Re: Jumping into middle of instruction
- From: "Wolfgang Kern" <spamtrap@xxxxxxxxxx>
- Date: Thu, 28 Feb 2008 15:59:56 +0100
Bob Masta wrote:
mybwpp asked:
Can we categorize this technique of jumping into middle ofNo, SMC is a different story.
instructions, as 'self modifying code'?
start:
; this works only in true RealMode!
cmp al,80h
jns L1:
mov word CS:[L2],9090h ;two NOPs
L1:
... ;put some code in here to avoid prefetched remains
mov ax...
add ax,cx
L2:
JC L3 ;this two bytes may become NOPS
...
How does Real Mode make a difference here?

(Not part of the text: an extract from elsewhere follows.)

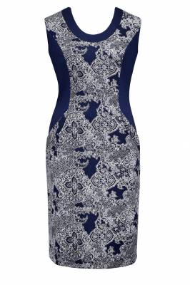Красивый трикотажный сарафан с полукруглыми рельефами, из эффектных тканей-компаньонов. В рельефах скрыты удобные карманы. (Длина-70см)
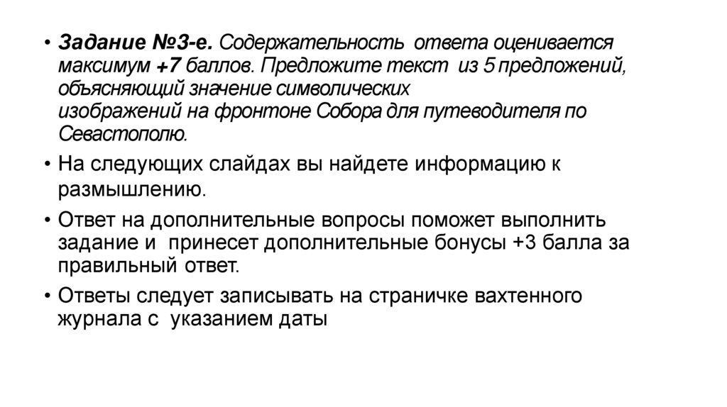 • Задание №3-е. Содержательностьответа оценивается максимум +5 баллов.

You can't direct write to CodeSeg in protected mode.
I thought it only had to do with the processor architecture,
regarding the depth of the
prefetch queue and whether it was smart enough to know when to
invalidate the queue when you use short forward SMC.
Yes, but I encountered this prefetch issue also on modern CPUS.
On modern processors it's probably not a good idea to
depend upon a certain depth of prefetch queue, but in the
Olden Days (before CPUID) when there were only a few x86 CPUs and
they had known queue differences, you could identify the CPU by
its queue length. You modified code at known distances ahead,
and if the modifications were ignored you knew that those instructions
must have already been in the queue.
Right.
SMC is of rare use anyway, I use it only on video mode changes to
save on just minor different routines and make this 'variables'
to contants for speed reason.
To answer the OP, self-modifying code is anything that alters
the actual code. The jump-into-instruction leaves the code
unaltered, and just takes a different path through it.
Yeah.
__
wolfgang
.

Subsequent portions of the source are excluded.